• **GIVEN DATA**

—————

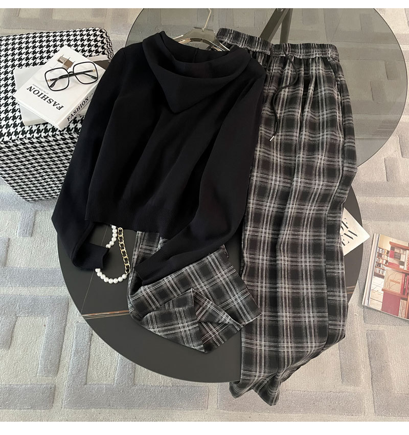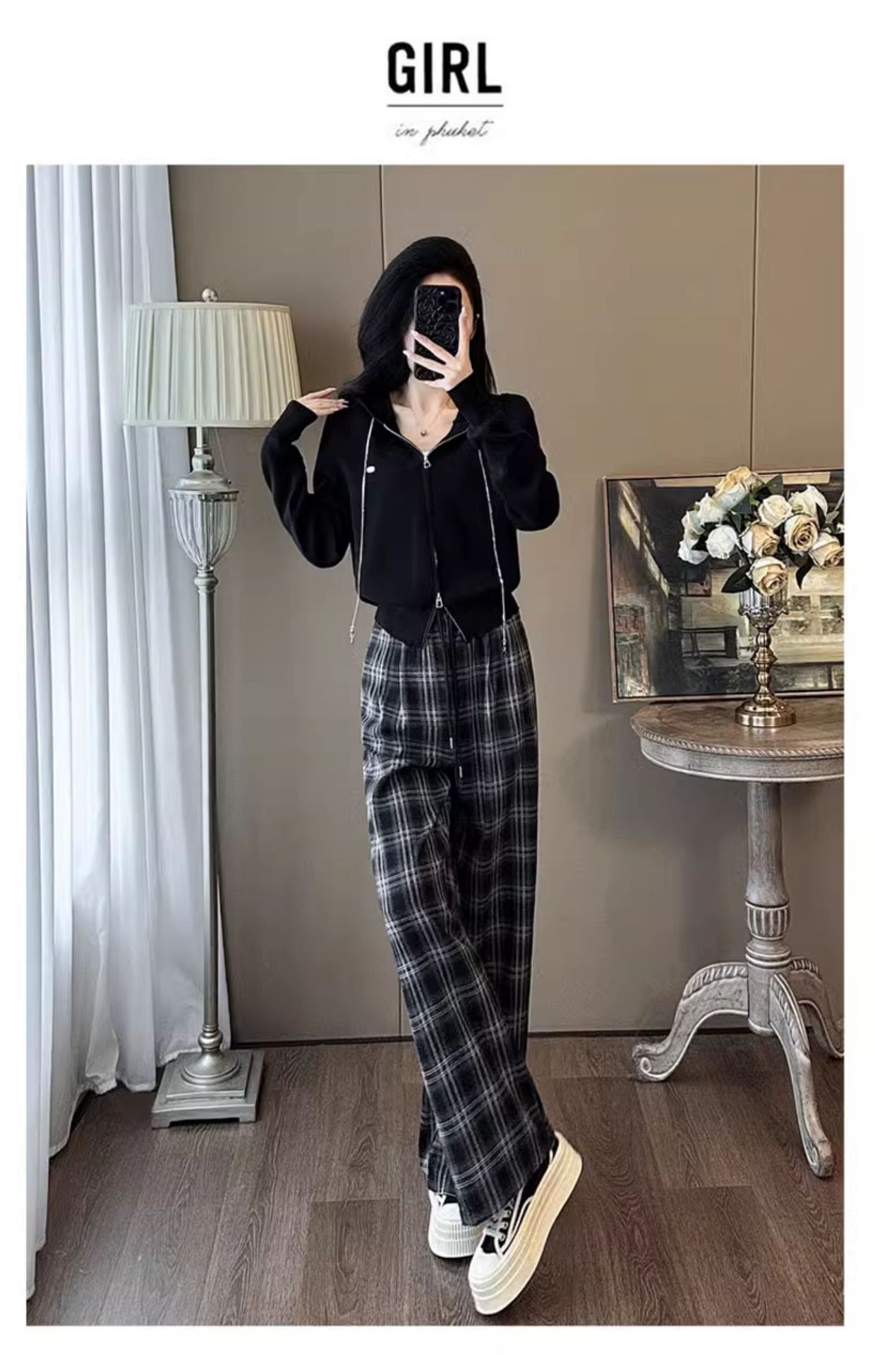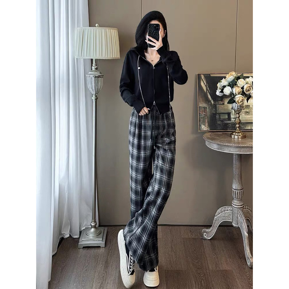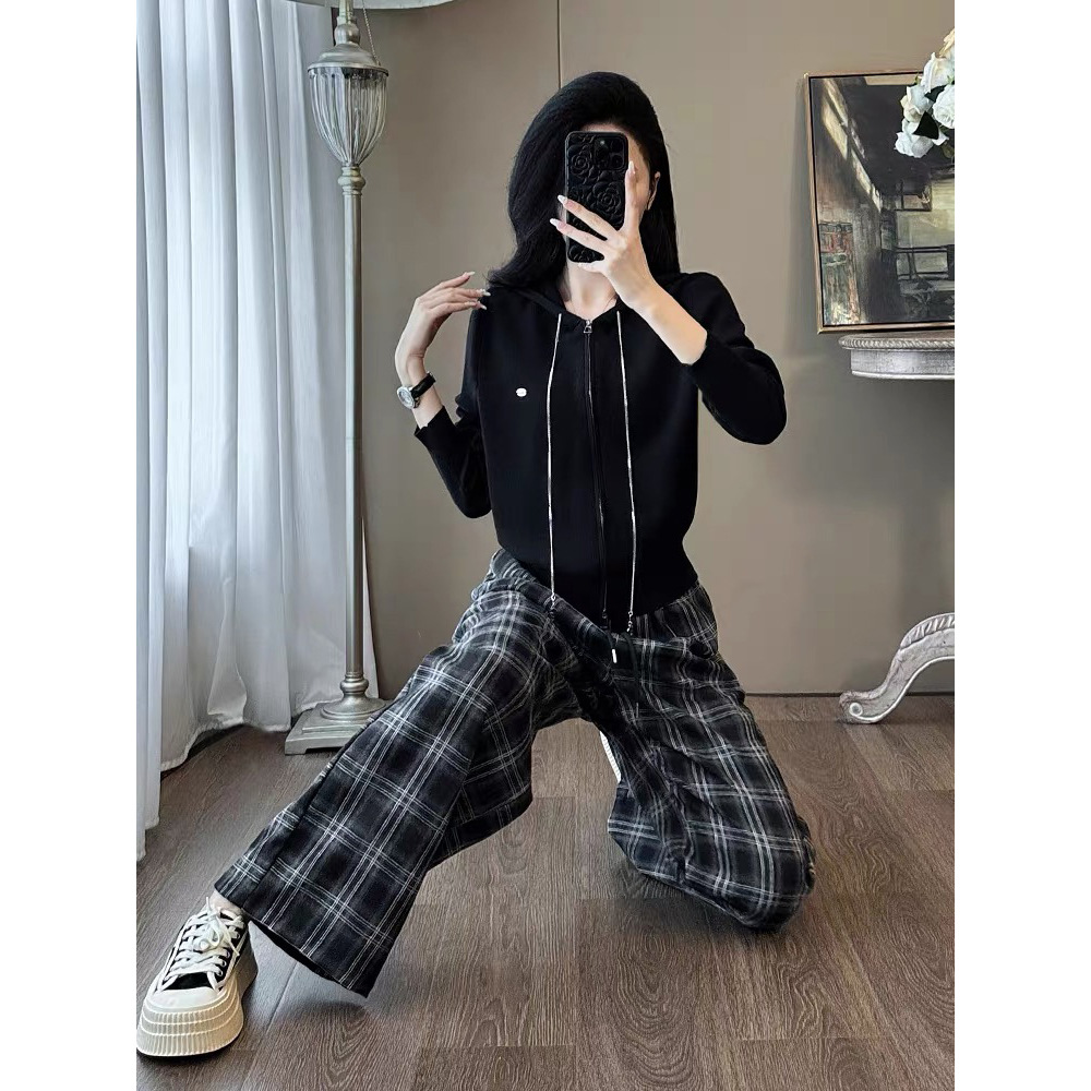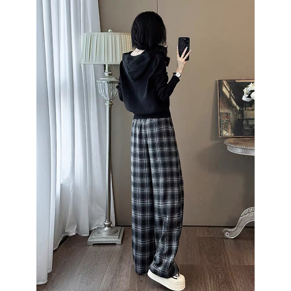 Bộ trang phục nữ này gồm áo khoác dáng ngắn màu đen và quần ống rộng họa tiết kẻ caro. Thiết kế tạo điểm nhấn ở eo, giúp tôn dáng người mặc. Chất vải dày dặn, phù hợp giữ ấm trong tiết trời se lạnh. Bạn có thể mặc nguyên bộ để có phong cách đồng bộ, hoặc phối với các trang phục khác. Sản phẩm dễ dàng kết hợp, mang đến vẻ ngoại hình trẻ trung, năng động. | Tên sản phẩm: Áo Khoác Nữ Cả Bộ 2 Món Kẻ Caro Trông Trẻ Hơn Tuổi Hàng Mùa Xuân Thu Đông - Thời Trang Nữ | Mã sản phẩm: C0040 - Giá: 1.440.000đ | Mã nhà sản xuất: AIANOR-G04Hình ảnh sản phẩm
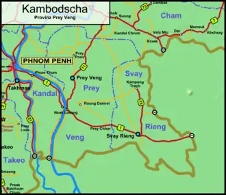 National Highway 1 or National Road No.1 (10001) is one of the national highways of Cambodia. With a length of 167.10 km (103.83 mi), it connects the capital of Phnom Penh, through Prey Veng Province, with Bavet, Svay Rieng Province on the border with Vietnam, and continues in Vietnam as the QL22 Highway to Ho Chi Minh City in the south east.[1] In Phnom Penh the road converges with National Highway 2 near Monivong Bridge and National Highway 5 at Stat Chas Circle Garden, near the French Embassy.[2]
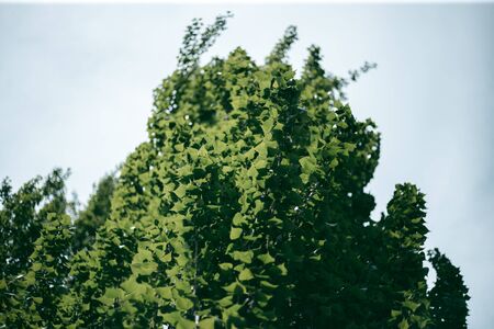 Ginkgo biloba green leaves on the tree. Ginkgo biloba tree leaves with sunbeams. healing. herbal medicine
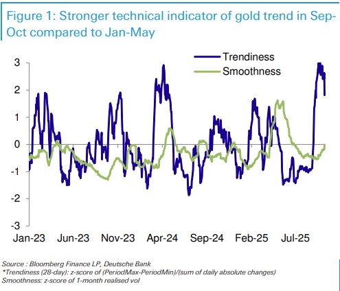 Finally, from a technical indicator perspective, the Deutsche Bank team believes that there may have been signs of a "trend peak" during the period from September to October — their model shows that the deviation of gold prices from the trend has far exceeded historical averages.
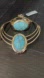 Stunning jewelry set by Robert Lee Morris, necklace and cuff bracelet. Features a vibrant turquoise stone wrapped in elegant gold wire. Ideal for a chic look. Necklace new with tag $148, bracelet new but has no tag $98.
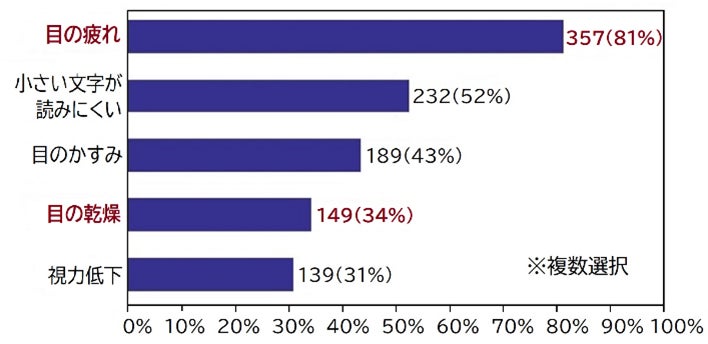 プログラム参加前の1か月間にどのような目の不調を抱えているか尋ねたところ、「目の疲れ」を有していた人は約8割、「目の乾燥」を有していた人は約3割でした。
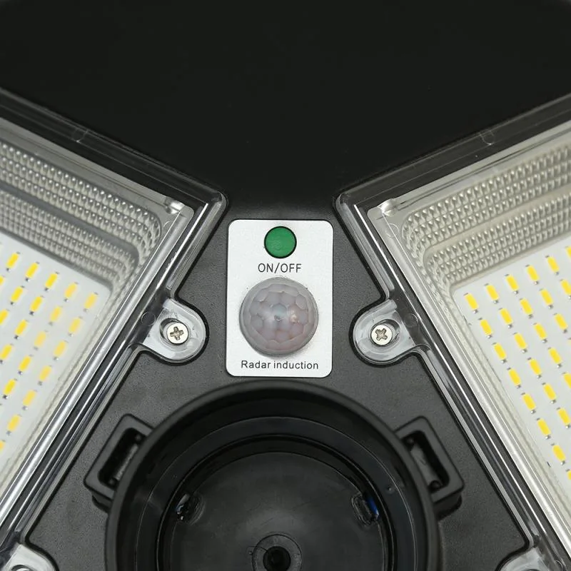 Main Features :1. Powerful LiFePO4 battery,environmental.2. Smart remote control function to satisfy different customer use 3. Constant brightness/Dim lighting + Motion sensor/Timer lighting mode 4. 240pcs Led chip, SMD5730, 120lumen/W ,360°wide lighting angle. 5. Solar charging , no electr

—————

• **TASK GOAL**
Only the lines from the one containing "Ginkgo biloba green" through the end of the data above are to be output, exactly and without pictures.

• **COMPLETED EXERCISE**
 Ginkgo biloba green leaves on the tree. Ginkgo biloba tree leaves with sunbeams. healing. herbal medicine
 Finally, from a technical indicator perspective, the Deutsche Bank team believes that there may have been signs of a "trend peak" during the period from September to October — their model shows that the deviation of gold prices from the trend has far exceeded historical averages.
 Stunning jewelry set by Robert Lee Morris, necklace and cuff bracelet. Features a vibrant turquoise stone wrapped in elegant gold wire. Ideal for a chic look. Necklace new with tag $148, bracelet new but has no tag $98.
 プログラム参加前の1か月間にどのような目の不調を抱えているか尋ねたところ、「目の疲れ」を有していた人は約8割、「目の乾燥」を有していた人は約3割でした。
 Main Features :1. Powerful LiFePO4 battery,environmental.2. Smart remote control function to satisfy different customer use 3. Constant brightness/Dim lighting + Motion sensor/Timer lighting mode 4. 240pcs Led chip, SMD5730, 120lumen/W ,360°wide lighting angle. 5. Solar charging , no electr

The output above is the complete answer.